STORED DATA section start

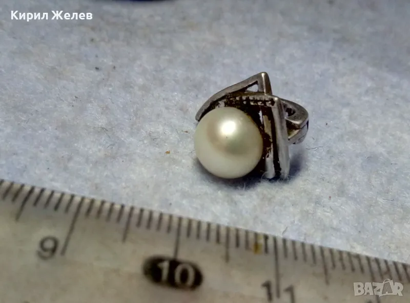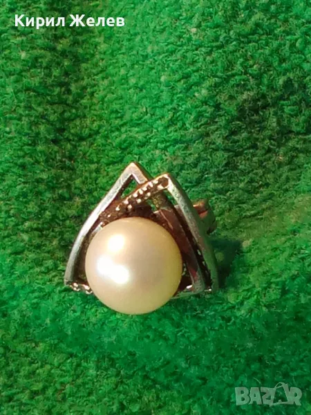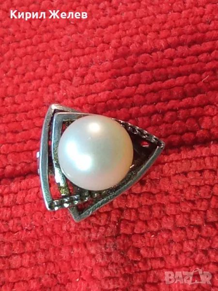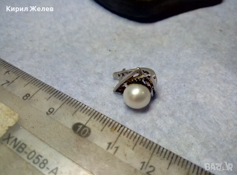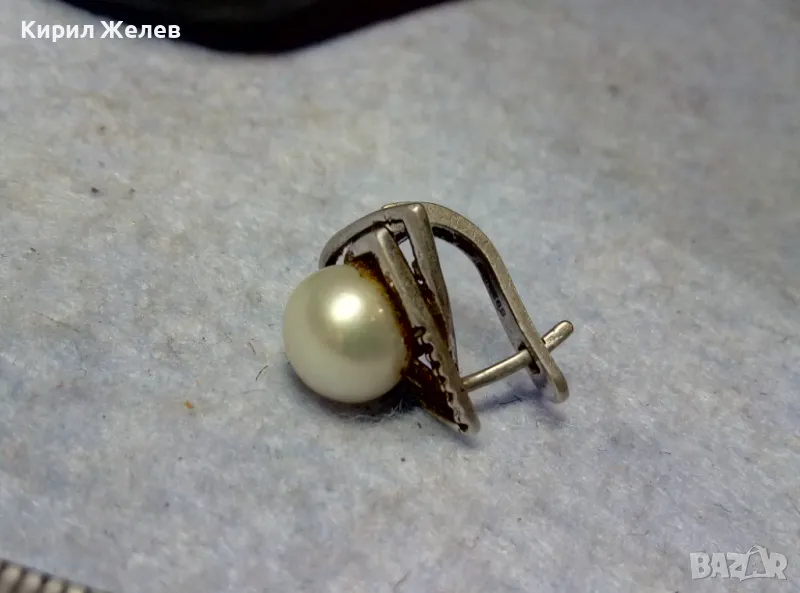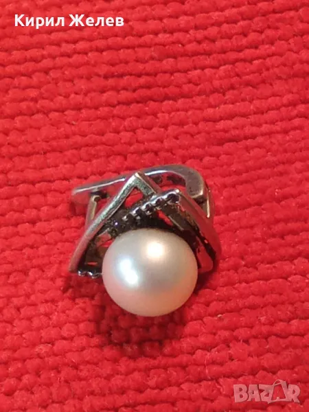 ШАРМАНТНА АНГЛИЙСКА ПЕРЛЕНА СРЕБЪРНА ОБЕЦА СРЕБРО 925 с БЯЛА ЕСТЕСТВЕНА ПЕРЛА / БИСЕР 48247
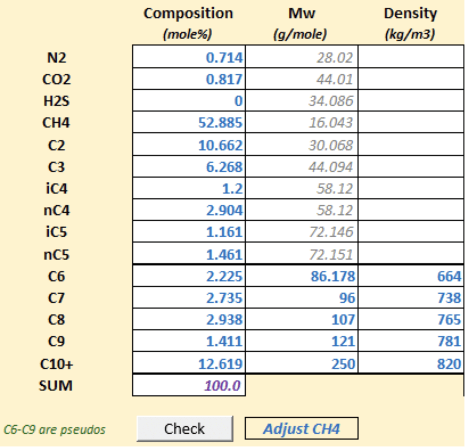 The user must specify composition of formation water and the wash water, reservoir fluid composition and lift gas composition (when relevant)
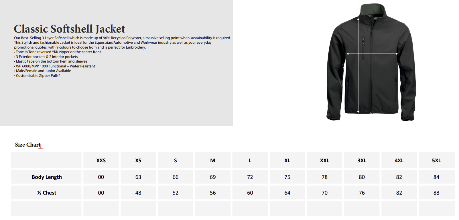 Het Classic Softshell Jacket is een hoogwaardige 3-laagse softshell jas, gemaakt van gerecycled polyester. De jas is voorzien van een ton-sur-ton omgekeerde rits aan de voorzijde en biedt voldoende opbergruimte dankzij twee zijzakken, een borstzak met rits en twee praktische binnenzakken. De elastische afwerking aan de boord en mouwen zorgt voor een comfortabele en aansluitende pasvorm, ideaal voor dagelijks gebruik en outdoor activiteiten.
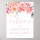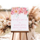 This bridal shower welcome sign features a blush pink peony spring floral design. The script heading is an image that cannot be edited. All of the other text is fully editable. For more advanced customisation of this design, simply select the "Customise It" button above.
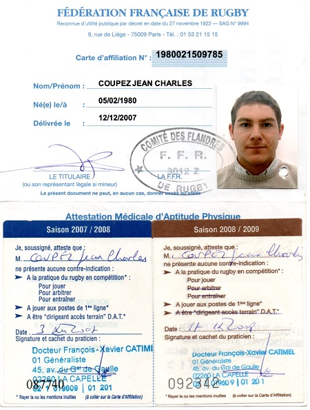 Nom:   Coupez Prénom:   Jean-Charles Date de naissance:   Mardi 05 février 1980 Lieu de naissance:   St Quentin (France) Poste:   3eme ligne |
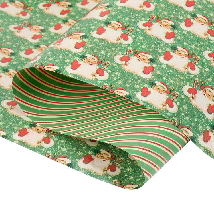 A double-sided roll of gift wrap from our Christmas Collection displaying a retro inspired pattern of Santa holding a candy cane on one side as well as green and red stripes on the other side for multiple gifting options. Our Retro Santa gift wrap includes 9.75 feet of seasonal wrapping paper on a 30 inch cardboard roll and shrink wrapped with a sticker label displaying the reversible designs for easy store display. A retro Christmas gift accessory perfect for seasonal gifting.
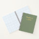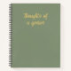 A cute, funny notebook with a modern sage green background on both sides and the script typography in gold reads 'Thoughts of a genius'.
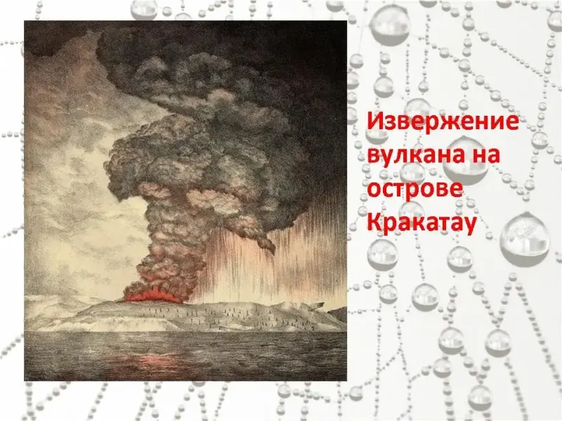 Учитель Ранним утром 27 августа 1883 года четыре чудовищных взрыва потрясли небо над планетой. Кракатау, маленький островок в проливе между Явой и Суматрой подпрыгнул, выкинул в воздух четыре с половиной кубические мили земли и лавы. А затем осел в море. Две трети его залили волны. Чудовищные волны, побежавшие по морю, после того как Кракатау плюхнулся в океан, смыли на Яве и Суматре 163 деревни вместе с 36380 их жителями. Страшная была катастрофа! После извержения на Кракатау не осталось ничего живого. Он был спален огнем, расколот на части, залит лавой, посыпан пеплом. Корабли, которые пытались пристать к Кракатау, с трудом пробирались через "пенку" плавающей на поверхности моря пемзы. Тысячи мертвых черепах качались на волнах. Но... Через полгода биолог Котто нашел на Кракатау первое живое существо...
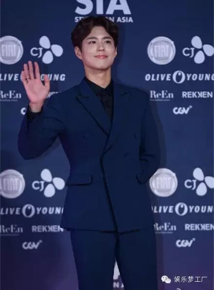 女星美艳醉人,男神们也不甘示弱。从韩剧《请回答1988》里走出来的青涩少年朴宝剑,身着深蓝色西装,帅气逼人。
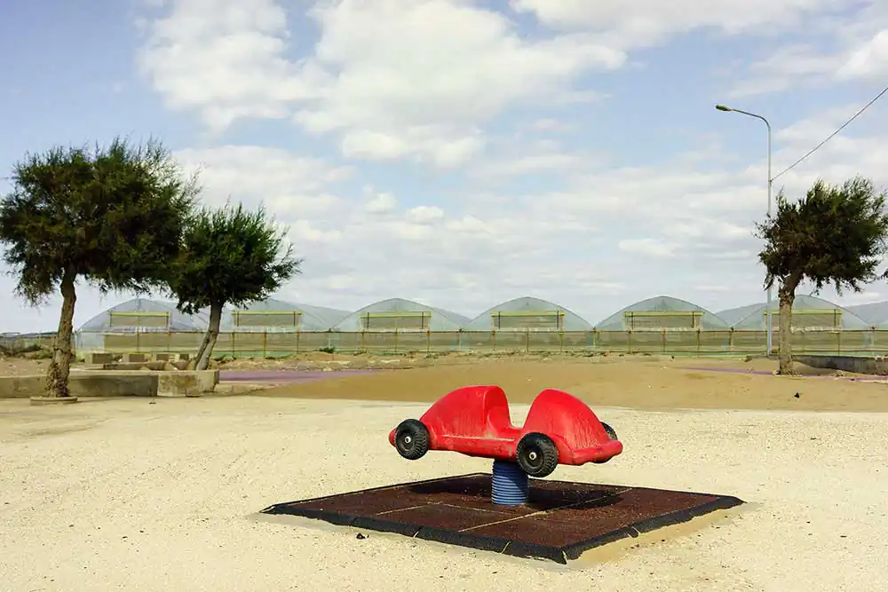Cristaldi says “Suspended is a photographic sequence exploring what is far from Mediterranean stereotypes.  No winking postcards testifying a collective image of lands full of art and nature. No iconic visions of black dressed mamas, godfathers, and religious fests.  Visual sketches, are my landscapes where the city is as old as time and continuous with it. Where every place has been (or is going to be) colonized by man made artifacts.”
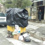 در عکسهای متعددی که فرستاده شده، مشاهده میکنیم که به جای جمعآوری زبالهها از سطح شهر، سطلهای زباله با کیسههای بزرگ پلاستیک پوشانده شده است.

STORED DATA section end

From the entries above, copy exactly the lines starting at the one with "Nom:   Coupez" and stopping at the one with "女星美艳醉人,男神们也不甘示", keeping both ends. Drop the pictures.

 Nom:   Coupez Prénom:   Jean-Charles Date de naissance:   Mardi 05 février 1980 Lieu de naissance:   St Quentin (France) Poste:   3eme ligne |
 A double-sided roll of gift wrap from our Christmas Collection displaying a retro inspired pattern of Santa holding a candy cane on one side as well as green and red stripes on the other side for multiple gifting options. Our Retro Santa gift wrap includes 9.75 feet of seasonal wrapping paper on a 30 inch cardboard roll and shrink wrapped with a sticker label displaying the reversible designs for easy store display. A retro Christmas gift accessory perfect for seasonal gifting.
 A cute, funny notebook with a modern sage green background on both sides and the script typography in gold reads 'Thoughts of a genius'.
 Учитель Ранним утром 27 августа 1883 года четыре чудовищных взрыва потрясли небо над планетой. Кракатау, маленький островок в проливе между Явой и Суматрой подпрыгнул, выкинул в воздух четыре с половиной кубические мили земли и лавы. А затем осел в море. Две трети его залили волны. Чудовищные волны, побежавшие по морю, после того как Кракатау плюхнулся в океан, смыли на Яве и Суматре 163 деревни вместе с 36380 их жителями. Страшная была катастрофа! После извержения на Кракатау не осталось ничего живого. Он был спален огнем, расколот на части, залит лавой, посыпан пеплом. Корабли, которые пытались пристать к Кракатау, с трудом пробирались через "пенку" плавающей на поверхности моря пемзы. Тысячи мертвых черепах качались на волнах. Но... Через полгода биолог Котто нашел на Кракатау первое живое существо...
 女星美艳醉人,男神们也不甘示弱。从韩剧《请回答1988》里走出来的青涩少年朴宝剑,身着深蓝色西装,帅气逼人。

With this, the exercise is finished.